Chechen rebel leader Aslan Maskhadov, whom Russian officials claim was a key figure behind last year's school hostage crisis and other deadly terrorist acts, has been killed, a spokesman for Russian forces said Tuesday. One report said Maskhadov was killed accidentally by his bodyguards.

Col. Ilya Shabalkin said Maskhadov was killed during a "special operation," but he did not elaborate.

The Interfax news agency later quoted Shabalkin as saying Maskhadov had been killed in Tolstoy-Yurt, a village in the northern sector of Chechnya that generally has been under the tight control of Russian forces.

Interfax, citing Chechnya's Kremlin-backed deputy prime minister, Ramzan Kadyrov, also reported that Russian forces intended to take Maskhadov alive, but he was killed by careless weapons-handling by his bodyguards. Three of Maskhadov's closest associates were detained, Interfax reported.

Kadyrov also reportedly said he had planned that Maskhadov would surrender and be offered a high-ranking position in his own security force.

Television channel NTV showed footage of Federal Security Service head Nikolai Patrushev telling President Vladimir Putin that Maskhadov had been killed in Tolstoy-Yurt.

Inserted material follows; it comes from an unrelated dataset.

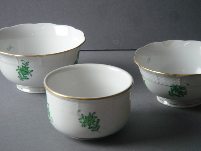 HEREND ASSORTED SUGAR / JAM BOWL WHITE CHINA WITH GREEN PATTERN (X4)

Putin responded, "There is a lot of work here. We must augment the effort aimed at the defense of the citizens of the republic."

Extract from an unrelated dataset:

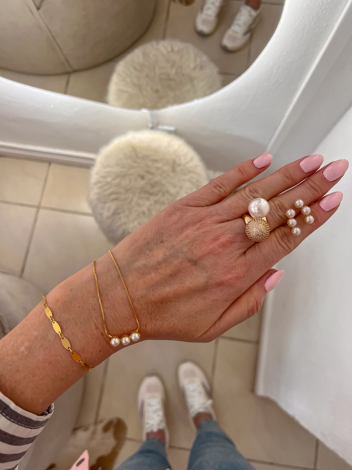 Colar veneziano liso com pingente de pérola banhado em ouro amarelo 18k;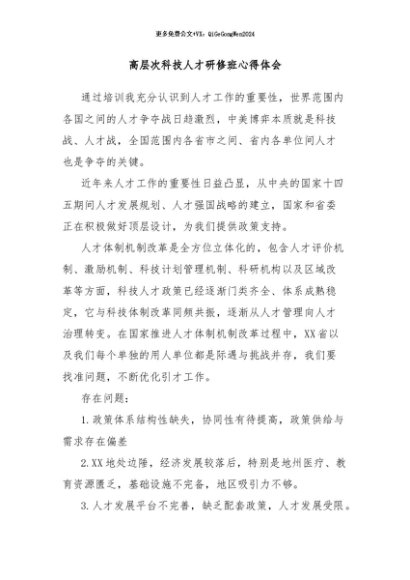 【七哥公文】2024年:高层次科技人才研修班心得体会+更多免费公文+VX:QiGeGongWen2024

The channel also showed footage of a shirtless bearded corpse that resembled Maskhadov.

Earlier Tuesday, Russian officials reported detaining three rebels who were planning a large terrorist attack on the administration building in Tolstoy-Yurt.

Maskhadov led the Chechen separatists who fought Russian forces to a standstill in a 1994-96 war and he became the republic's president after the Russian military withdrew.

But he appeared to lose substantial influence to Chechen warlord Shamil Basayev, and by the time Russian forces returned to Chechnya in 1999, he was believed to command loyalty among only a relatively small faction of fighters.

Last year, Russia's Federal Security Service offered a reward of up to $10 million for information that could help "neutralize" Maskhadov and Basayev.

Maskhadov was regarded by some observers as comparatively moderate, in contrast to Basayev, an adherent of the strict Wahhabi sect of Islam who has claimed responsibility for some of Russia's most horrifying terrorist attacks, including last year's seizure of a school in Beslan that ended with the deaths of more than 330 people, about half of them children.

Russian officials consistently have alleged Maskhadov was connected to terrorist attacks such as the school seizure and the 2002 seizure of 800 hostages at a Moscow theater. Maskhadov denied involvement in those attacks.

A temporary cease-fire called by Maskhadov expired late last month on the 61st anniversary of the Stalin-era deportation of Chechens to the barren steppes of then-Soviet Central Asia.

Maskhadov had ordered his fighters, including Basayev, to observe a weekslong cease-fire through Feb. 22, the eve of the anniversary. He also renewed a call for talks with the Russian leadership, which has consistently turned them down.

Russian officials had dismissed the cease-fire call as a publicity stunt and maintained that rebels kept up their attacks.